The alternative is to design a custom ASIC dedicated to performing fixed operations extremely fast since the entire chip’s logic area can be dedicated to a set of narrow functions. In the case of the Google TPU, they lend themselves well to a high degree of parallelism, and processing neural networks is an “embarrassingly parallel” workload. Think of an ASIC as a drag racer; it can go very fast, but it can only carry one person in a straight line for a quarter mile. You couldn’t drive one around the block, or take it out on an oval racetrack.
Here’s the catch: designing an ASIC can be an expensive endeavor, costing many tens or even hundreds of millions of dollars and requiring a team of fairly expensive engineers. Paying for all that development means many tens or hundreds of thousands of chips are needed to amortize those expenses across the useful lifetime of the design (typically 2-3 years). Additionally, the chip will need to be updated frequently to keep abreast of new techniques and manufacturing processes. Finally, since the designers froze the logic early in the development process, they will be unable to react quickly when new ideas emerge in a fast moving field, such as AI. On the other hand, an FPGA (and to a limited extent even a GPU) can be reprogrammed to implement a new feature.

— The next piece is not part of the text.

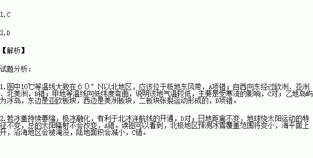 ͼ1ÖÐÐéÏß±íʾ±±¼«µØÇø7Ô·Ý10¡æµÈÎÂÏß¡£¶Áͼ£¬»Ø´ðÏÂÁи÷Ìâ¡£

If you think about Google’s business, it has three attributes that likely led it to invest in custom silicon for AI. Examining these factors may be helpful in assessing other companies’ potential likelihood of making similar investments.
  1. Strategic Intent: Google has repeatedly stated that it has become an “AI First” company. In other words, AI technology has a strategic role across the entire business: Search, self-driving vehicles, Google Cloud, Google Home, and many other new and existing products and services. It, therefore, makes sense that Google would want to control its own hardware (TPU) accelerators and its own software framework (TensorFlow) on which they will build their products and services. The company is willing to invest to give themselves an edge over others with similar, albeit perhaps less ambitious, aspirations.
  2. Required Scale: Google’s computing infrastructure is the largest in the world, and that scale means that it may have the required volume needed to justify the significant costs of developing and maintaining its own hardware platform for AI acceleration. In fact, Google claims that the TPU saved the company from building another 12 datacenters to handle the AI load. Let’s do some sensitivity analysis to understand the likely scale required for a single ASIC cycle. For the sake of argument, let’s assume Google spent an Order of Magnitude of O($100M) including mask production, and that each chip will save them around O($1K). For reference, a single Cloud TPU chip at 45 TFLOPS potentially has a little more than 1/3rd the performance of a NVIDIA Volta GPU at a peak 120 TFLOPS, so you need 3 TPU chips to displace a high-end GPU. That implies Google can just about break even if they deploy an Order of Magnitude O(100K) TPUs, not accounting for the time value of money. That’s a lot of chips for most companies, even for Google. On the other hand, if it only cost Google O($60M) to develop the chip and TPU board, and they save O($2K) per chip, then they only need O(30K) chips to break even. Therefore a similar effort by another large datacenter may require an Order of Magnitude of O(30-100K) chips just to break even over a 2-3 year period).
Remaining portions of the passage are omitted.